Existing event-processing methods struggle to simultaneously achieve fine-grained temporal modeling, polarity awareness, and efficient long-sequence representation, while heavily relying on frame- or voxel-based conversions—introducing information loss, high computational overhead, and parameter inefficiency. To address these limitations, we propose the Frequency-aware Event Cloud Network (FECNet), the first architecture that integrates event cloud representation with Fourier-domain feature extraction to directly model the 2S-1T-1P (two spatial dimensions, one temporal dimension, one polarity dimension) spatiotemporal structure of event camera data. FECNet introduces an event cloud grouping sampling module and a lightweight MAC-optimized backbone. Evaluated on event-based object classification, action recognition, and human pose estimation, FECNet achieves significant improvements in both accuracy and inference efficiency, while drastically reducing multiply-accumulate (MAC) operations.
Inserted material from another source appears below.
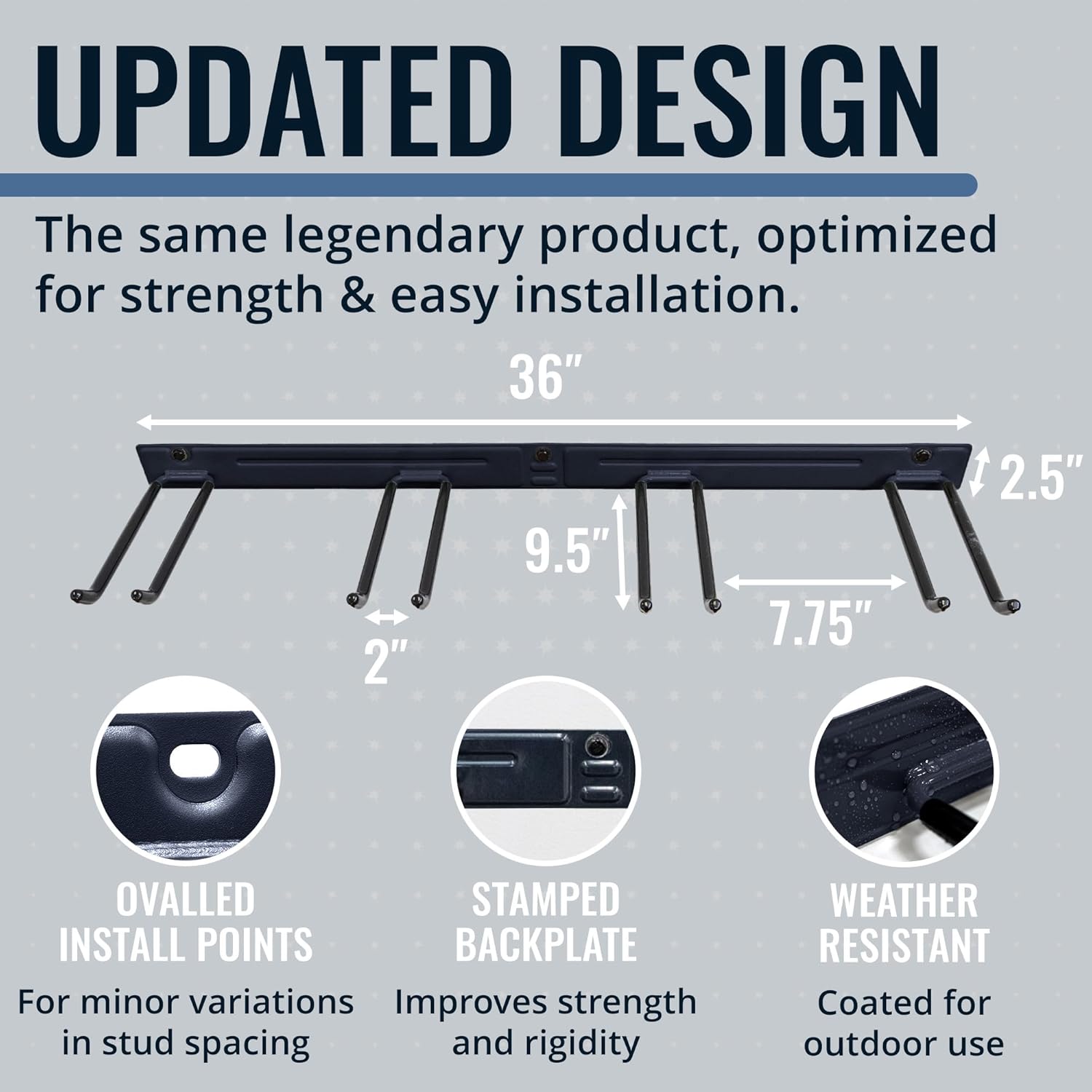 - RECLAIM YOUR GARAGE – Conquer clutter with this garden tool organizer designed for garage storage, sheds, or workshops. Measuring 36" L x 9.5" W x 2.5" H, it features four PVC-coated garage hooks and a 250 lb weight capacity, ideal for storing shovels, brooms, rakes, and power tools. Installs with 3 heavy-duty lag screws directly into 16" wall studs for secure, long-lasting support.
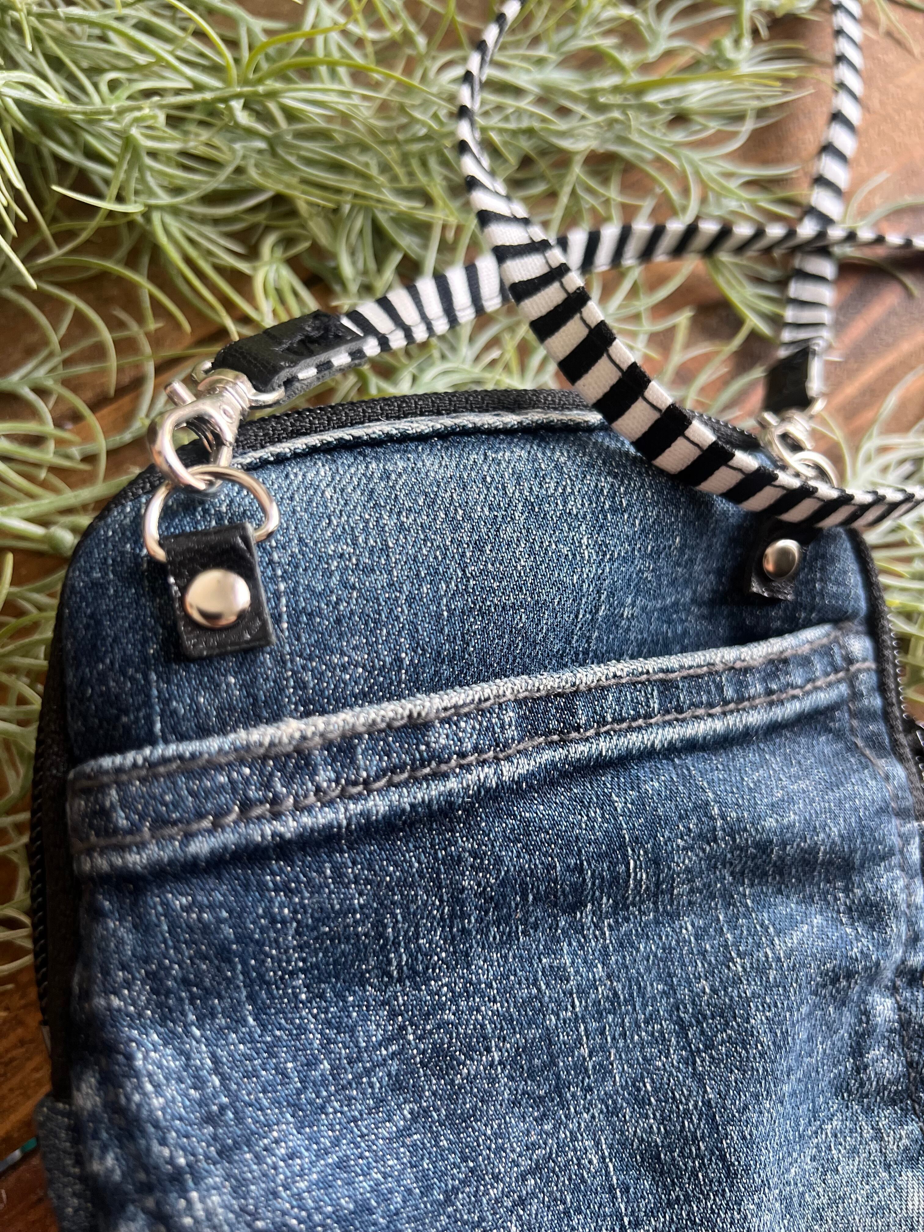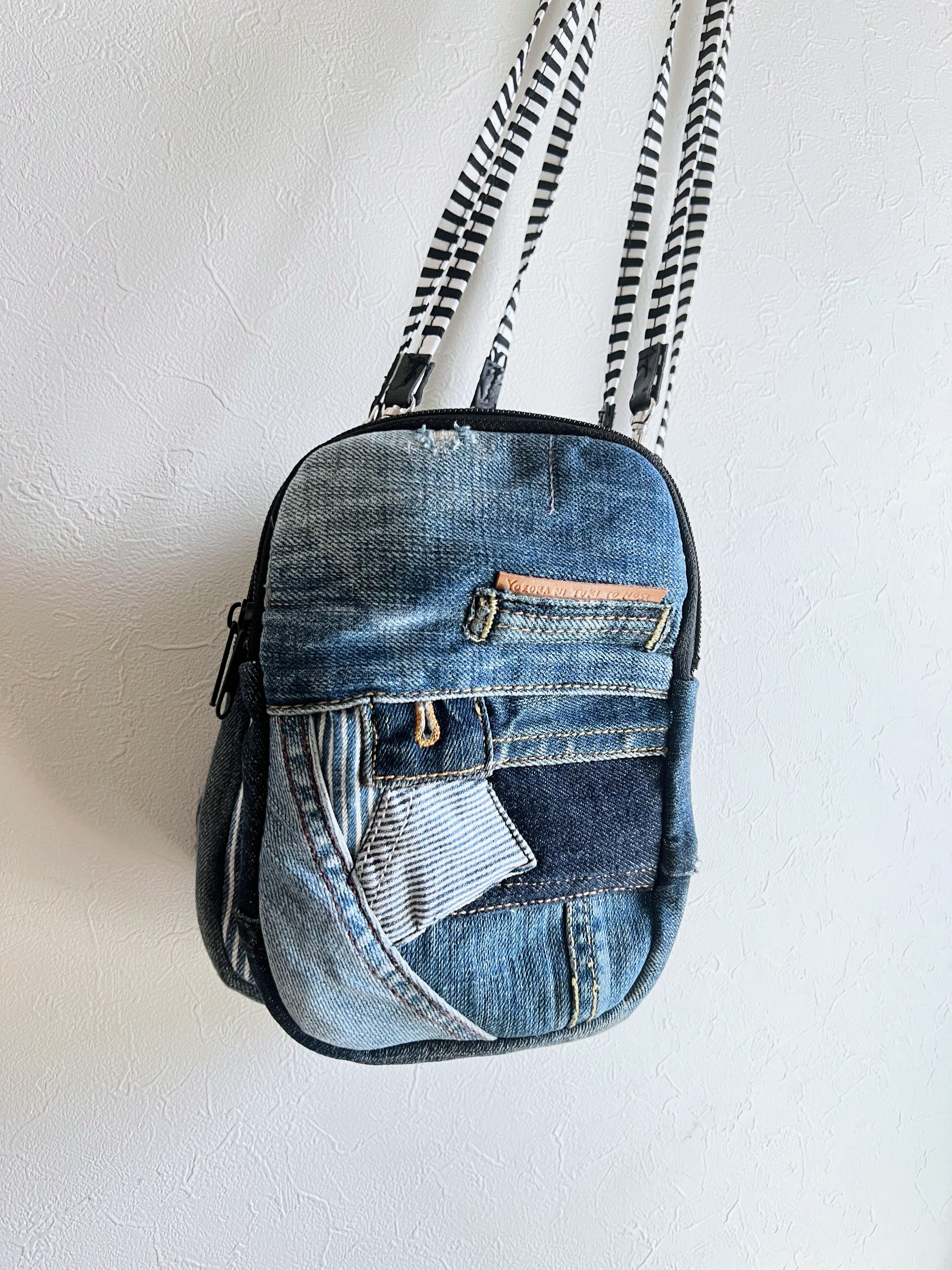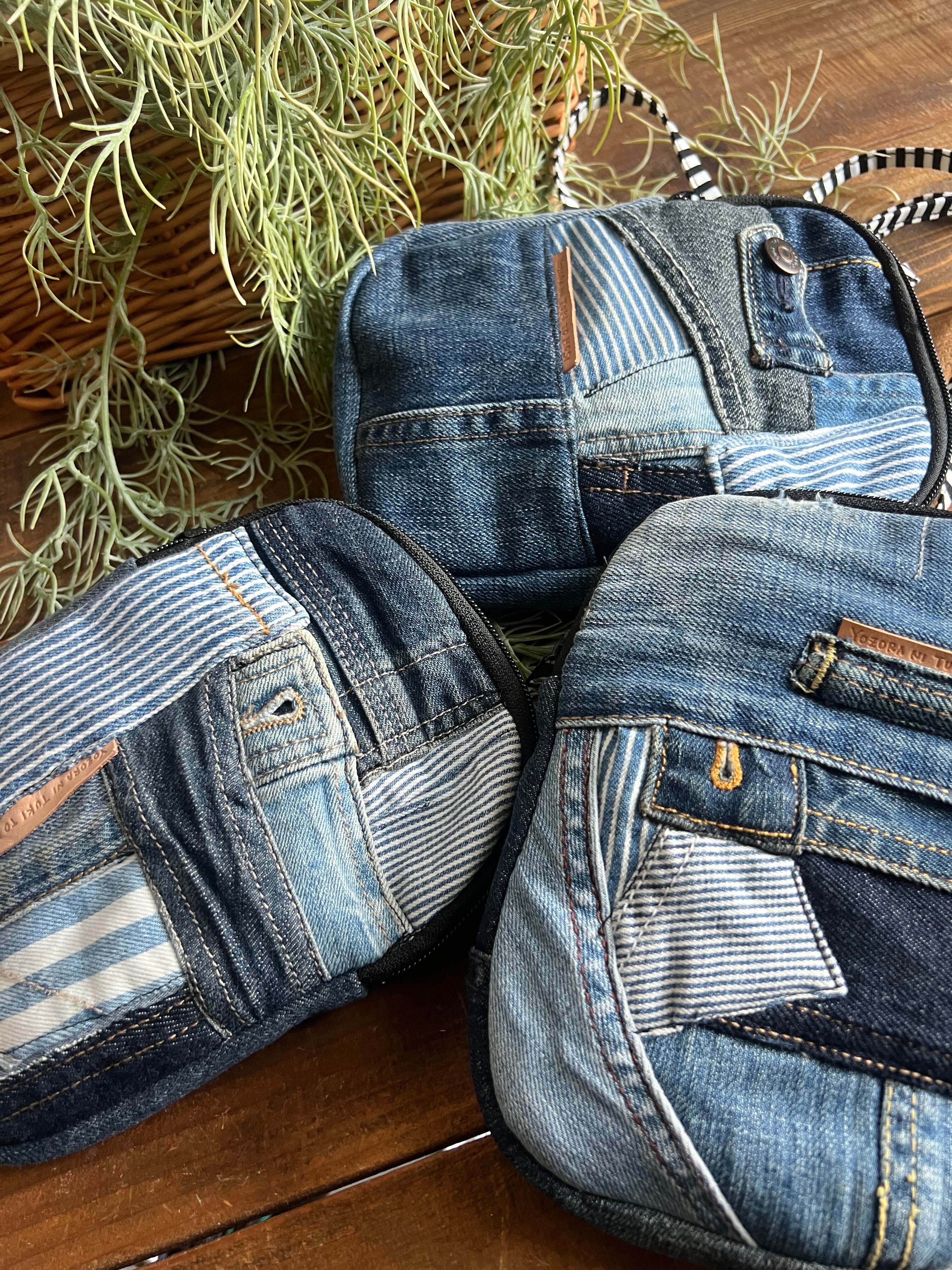 デニムリメイク / デニム / プレゼント / ファッション / オリジナル // デニムバッグ / リメイクカバン / おしゃれ / カジュアル / 贈り物 // ママデビュー / 青いかばん / ストライプ柄 / ポケット / 収納 / ファスナー/お出かけ /スマホケース/スマートフォンポシェット/ポーチ/ポーチポシェット

Event cameras are biologically inspired sensors that emit events asynchronously with remarkable temporal resolution, garnering significant attention from both industry and academia. Mainstream methods favor frame and voxel representations, which reach a satisfactory performance while introducing time-consuming transformation, bulky models, and sacrificing fine-grained temporal information. Alternatively, Point Cloud representation demonstrates promise in addressing the mentioned weaknesses, but it ignores the polarity information, and its models have limited proficiency in abstracting long-term events' features. In this paper, we propose a frequency-aware network named FECNet that leverages Event Cloud representations. FECNet fully utilizes 2S-1T-1P Event Cloud by innovating the event-based Group and Sampling module. To accommodate the long sequence events from Event Cloud, FECNet embraces feature extraction in the frequency domain via the Fourier transform. This approach substantially extinguishes the explosion of Multiply Accumulate Operations (MACs) while effectively abstracting spatial-temporal features. We conducted extensive experiments on event-based object classification, action recognition, and human pose estimation tasks, and the results substantiate the effectiveness and efficiency of FECNet.